Final Report Summary - RODCELL (Cellular and molecular mechanisms of the light response in photoreceptor cells of the mammalian retina)
Genetic defects in proteins involved in the transduction of light in photoreceptor cells of the retina lead to severe retinal degeneration and blindness. Mutations that primarily affect rod function lead to retinitis pigmentosas. These diseases affect 1 in 4000 individuals, initially causing night blindness. However, as the gradual loss of rods eventually compromises cone cell viability, they lead to a complete loss of visual function. Mutations that primarily affect cone function lead to cone dystrophies (CDs) or macular degenerations, diseases characterised by the loss of central vision. There is no current cure for these diseases. The first aim of this proposal was to establish mouse models of the autosomal dominant cone dystrophies (adCDs) caused by mutations in the genes encoding guanylate cyclase activating protein 1 (GCAP1) and 2 (GCAP2), two Ca2+-binding proteins that regulate cGMP synthesis in rods and cones, in order to study the pathways leading to cell death in vivo. The second aim was to study the novel role of the guanylate cyclase activating proteins in the synaptic terminal of rod cells, where they are likely playing an important role in the dynamic assembly / disassembly of synaptic ribbons with changes in illumination. Ribbons are hallmark specialisations of sensory neurons required to sustain their characteristic high tonic neurotransmitter release. Characterising the mechanisms that govern their dynamic turnover will contribute to understand how they are assembled and how they work.
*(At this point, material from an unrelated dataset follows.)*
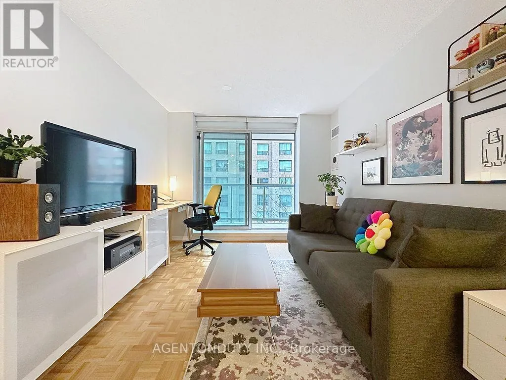 Cross Streets: Jarvis. ** Directions: south of front, east of jarvis. Welcome to Suite 626 at 109 Front St E - a rare opportunity in the heart of downtown Toronto, just steps from the iconic St. Lawrence Market. This extremely well-maintained building offers exceptional urban living in one of the city's most vibrant neighbourhoods. The suite features a highly functional one-bedroom layout with no wasted space, ideal for first-time buyers, professionals, or investors. The open-concept layout maximizes efficiency and flow. A standout feature is the rare open balcony - a true bonus in this building - overlooking a quiet courtyard with beautiful eastern exposure. Enjoy peaceful sunrise views and your own private outdoor retreat, a true oasis in the middle of the city. Unbeatable downtown location with easy access to the DVP and Gardiner Expressway. Walking distance to the Financial District, Harbourfront, Union Station, subway transit, and countless restaurants, cafés, and shops. Everything you need is right at your doorstep. Experience the perfect blend of convenience, comfort, and vibrant city living. Owned parking#P3-69/locker#A43 included! (id:27476)

We perform our studies in animal models because photoreceptors are such compartmentalised and specialised neurons that there is no cell culture system that reproduces their complexity. That is why we were also interested in introducing to the lab more efficient and affordable strategies to do mouse genetics as a basis to support these studies and future gene function studies in photoreceptor cells.
For the first aim, we have characterised a mouse model of retinal degeneration caused by transgenic expression in rods of a mutant form of GCAP2 impaired to bind Ca2+, the mutant EF-GCAP2 in which the three functional EF-hands have been disrupted. To date, ten different mutations in guanylate cyclase activating protein 1 (GCAP1) have been linked to autosomal dominant cone dystrophies, a disease characterised by the loss of colour vision and central visual acuity, and to macular dystrophies. Generally, the mutations leading to cone dystrophy affect one of the Ca2+ binding sites or alter protein structure in a way that impair Ca2+-binding. GCAPs stimulate retGC catalytic activity when intracellular Ca2+ decreases in response to light. It is the 'Ca2+-empty' form of GCAPs that activate cGMP synthesis. In vitro, mutants impaired to bind Ca2+ remain active with increasing [Ca2+], leading to constitutive activation of the cyclase independently of the lighting conditions. Therefore, it has been proposed that GCAP1 mutations would lead to photoreceptor cell death in vivo by causing constitutive cGMP synthesis, leading to abnormally high levels of cGMP. As a consequence, a higher fraction of the cGMP-channels would be kept open, increasing the inward current of calcium. Elevated intracellular calcium would induce apoptosis. There are two recent studies characterising transgenic mice expressing Y99C-GCAP1 in rod photoreceptors that would support this hypothesis.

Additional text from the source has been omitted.